Speaking about her work, Anne says: “A lot of my work, even for fairly young readers, raises quite serious social issues. I believe that many personal decisions have a social or political resonance, and the way people try to pick their way through tricky family situations interests me. But people won’t (and shouldn’t) read books that don’t hold their interest, and I still adore funny books. So since I write for the reader inside myself, I always end up with the kind of book I would have loved to read (if only someone else had bothered to write for me.”
More about Anne: “When I was young, it never occurred to me that I might be a writer. I think I must have thought that books were born on the library shelves. But I was good at writing stories, and I had a good deal of practice.
At school, I enjoyed languages most, and took French and Spanish, along with History, for A levels. That meant there was no room for English, and so for my whole life I have been able simply to read what I want when I want, and only for pleasure or interest. I suspect that this has been really important for the way I write, making it so much easier to think always of the reader.
I studied Politics and History at University, and the interest in political issues shows up in many of the books. After university I taught in a girls’ secondary school for a year — exhausting! — and then moved with my husband to Oxford, where I worked as an Information Officer for Oxfam. Though I was only in this job for two years, it changed my attitudes to money, to ‘things’, and to what is truly important in life, for ever.

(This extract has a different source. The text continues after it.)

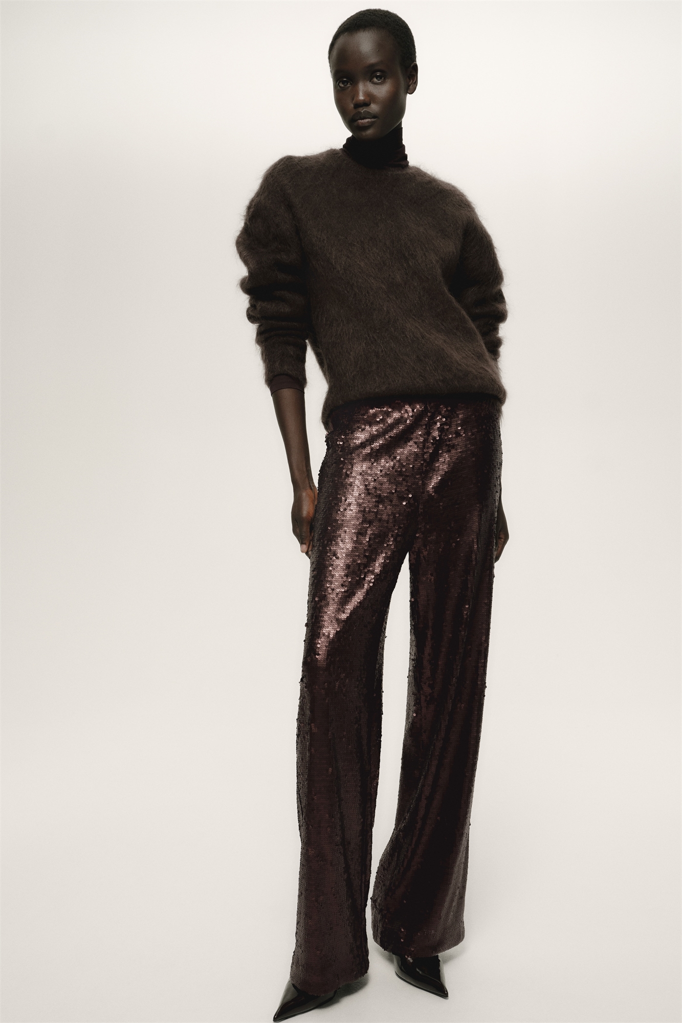 Брюки из сетки с блестками, с высокой талией, потайной застежкой на молнию с одной стороны и прямыми ногами. Подкладка из джерси.
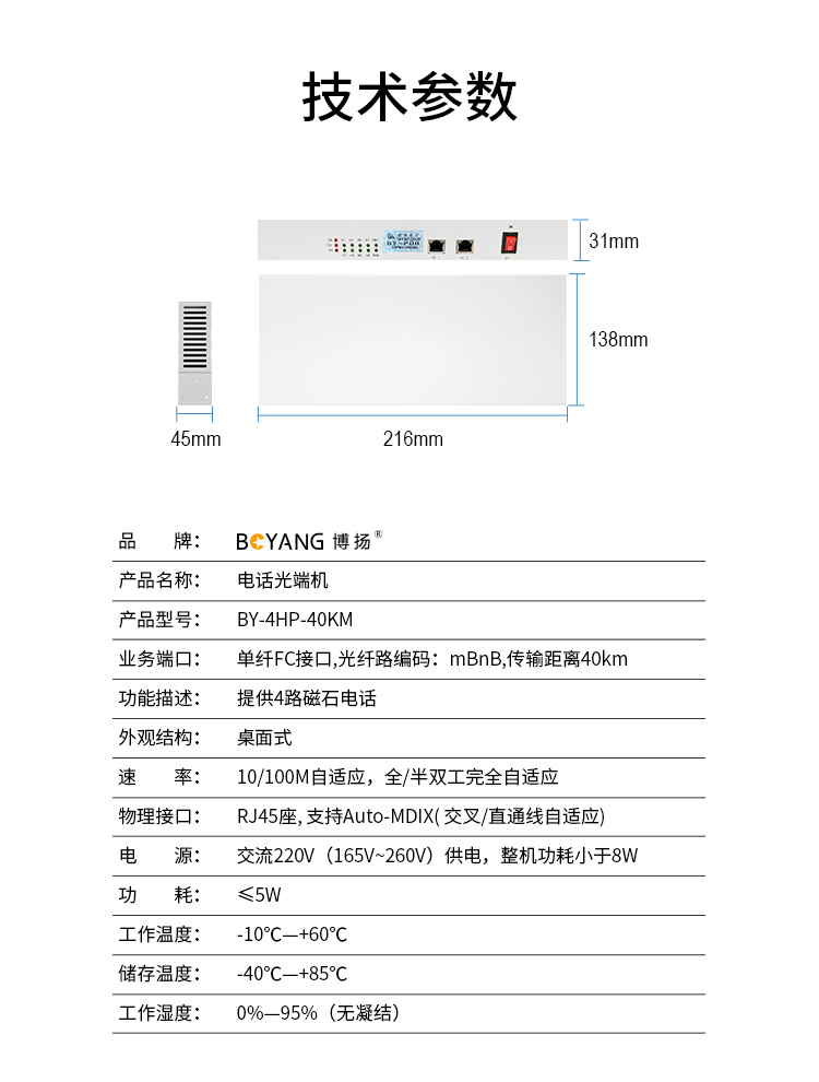 博扬 电话光端机 4路磁石电话光端机 单模单纤FC口 40KM 1对价 BY-4HP-40KM 白色

In 1971 my first daughter was born. Unable to get to the library in a snowstorm to change my library books, in desperation I sat down and started to write a novel. Clearly this was the right job for me, for I have never stopped writing for more than a few weeks since.
My husband’s job took us to California, Arizona, Michigan and Canada, where our second daughter was born. In 1981 I returned to Edinburgh, and a few years later moved to County Durham, where I now live quietly in a stone house beside a river with Richard, my partner of fifteen years.”